Mel Gibson, 52, will not star in a Lethal Weapon 5, which is not being made.

Ringo Starr, 68, will not sign autographs or accept fan mail after October 20.

Florida Congressman Tim Mahoney's attempt to hush up an extramarital affair with $120,000 did not work.

Axl Rose's mythic Guns N' Roses CD, Chinese Democracy, will not be released in 2008. No wait — it will be released! At least according to sources here and here and here. The disc, which Rose, now 46, has been obsessively tinkering with since his early thirties, will allegedly fill racks at Best Buy stores all across the U.S. on November 23 — appropriately, the beginning of Turkey Week.

Monday, October 20, 2008

Dumbing down (and down, and down, and down)

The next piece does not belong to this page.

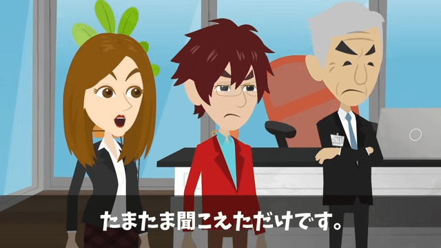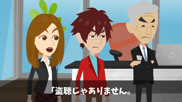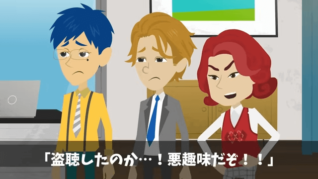 女性社員は課長たちの会話を録音していたことをその場で明かしました。 社員は「盗聴したのか…!悪趣味だぞ!」と怒りますが、女性社員はたまたま聞こえただけだと説明して…。

The CBS show Cold Case (yet another cop drama where detectives solve murder cases from the past that are still open) is so dumb that Litchick solved this week's "mystery" during the opening sequence, before the victim was even revealed. So, WB would like to briefly borrow Stephen Colbert's shtick for the following announcement:

CBS, consider yourself on notice. We understand the reasoning behind formulaic television shows, but when the formula becomes this transparently obvious, it's time to do some serious tinkering. Even the ubiquitous reruns of Friends involve more suspense than the drivel you're airing on Sunday nights.


Sunday, October 19, 2008

Equal access

Sarah Palin showed up at SNL as threatened rumored promised. And Alec Baldwin showed that flaming liberals can be decent and even gallant people with a great sense of humor. Now, will the McPalin team lighten up in their attacks against "anti-American" voters?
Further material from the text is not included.